Человек, которого нет - стр. 6

Мне всегда виделось это проще: я не хотел ждать случая, чтобы усомниться еще больше (ведь куда еще больше?), я не хотел рассматривать бесчисленное число оттисков, придуманных мною только для того, чтобы забыть, что это я придумал все это: себя, свое подсознание, свои фантазии, случайные идей, закопанные под дубом в соседнем парке в маленьком коричневом ящичке, обитым дерматином. Ведь выход прост – выйти за пределы своей придуманной реальности. Что мне мешает встать посреди улицы, среди безжизненных фантомов, проникающих сквозь меня, как это делают атомы вселенной, и крикнуть в бесплодную атмосферу бытия, и крик мой разнесется на сотни, тысячи верст, и словами, разрывающими раскаленный воздух, будут “cogito ergo sum!” Но я все же пока этого делать не хотел, не смел, – и все тут. Зачем все это, если мой мозг постоянно формировал неисчислимые потоки несоизмеримых между собой всплесков, показывая картины невиданных доселе фантасмагорий.

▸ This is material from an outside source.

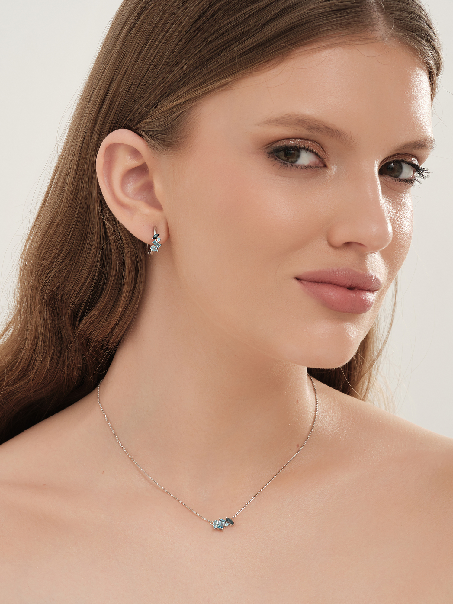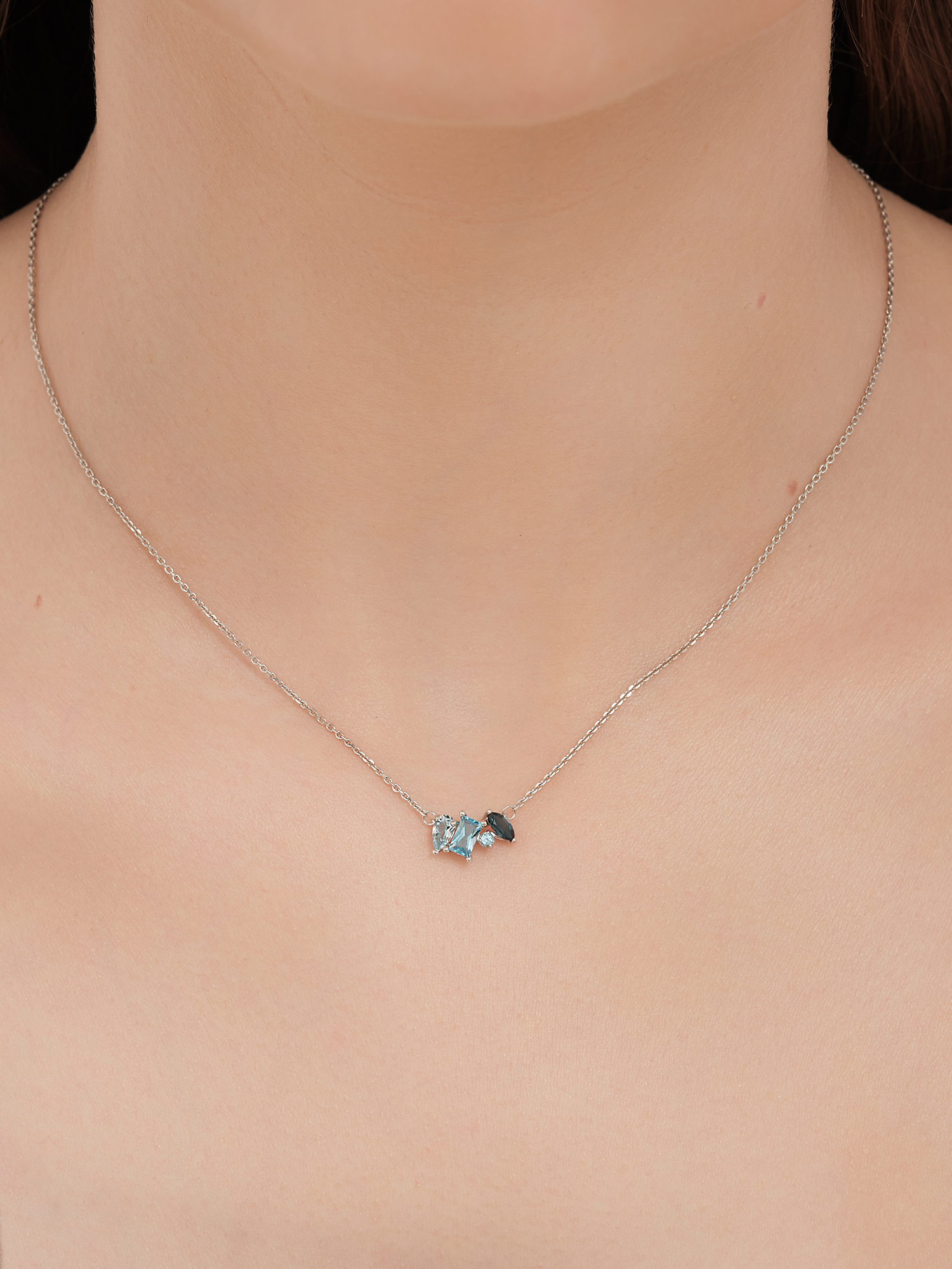 Колье из белого золота 585 пробы с топазами и топазом London Blue

И стоит ли думать, стоит ли рассуждать над всем этим, чтобы в конце услышать испещряющее “зачем”?

Лица людей проносились мимо меня туда, где не существует оков, где не существует ничего существенно важного, – и все это влетает в мой мозг посредством неисчислимого числа нейронов только затем, чтобы снова обратиться в моей голове неуловимым запахом бесконечных фотопсических галлюцинаций. Я сомневался в реальности человеческих лиц, которые подобно свойствам только моего тела, формировались так же, как когда-то формировалось мое тело, мои обвислые щеки, скулы, иссиня-фиолетовые мешки под глазами, которые способны вместить в себя весь тот бред, который блуждает под покровом ночи моих фантазийных спекуляций, а так же под покровом моего теплящегося тела, покрытого ворсом заиндевелых лесов, конечно же, в миниатюре. Это все было похоже на бред, с которым, надо сказать, я уже свыкся, бред, сковывавший мои члены невидимыми капроновыми нитями, которые срезали его, впиваясь в мой эпителий. Просторы ало-красных фланелевых полей, рубцами боли перекатывавшихся по телу, а затем встающих в ряды выжженных капроном следов от перетянутых нитей, которые еще недавно (а, быть может, все-таки давно) стягивали мои руки и ноги в том положении, в каком они еще были в девственном чреве материнского лона.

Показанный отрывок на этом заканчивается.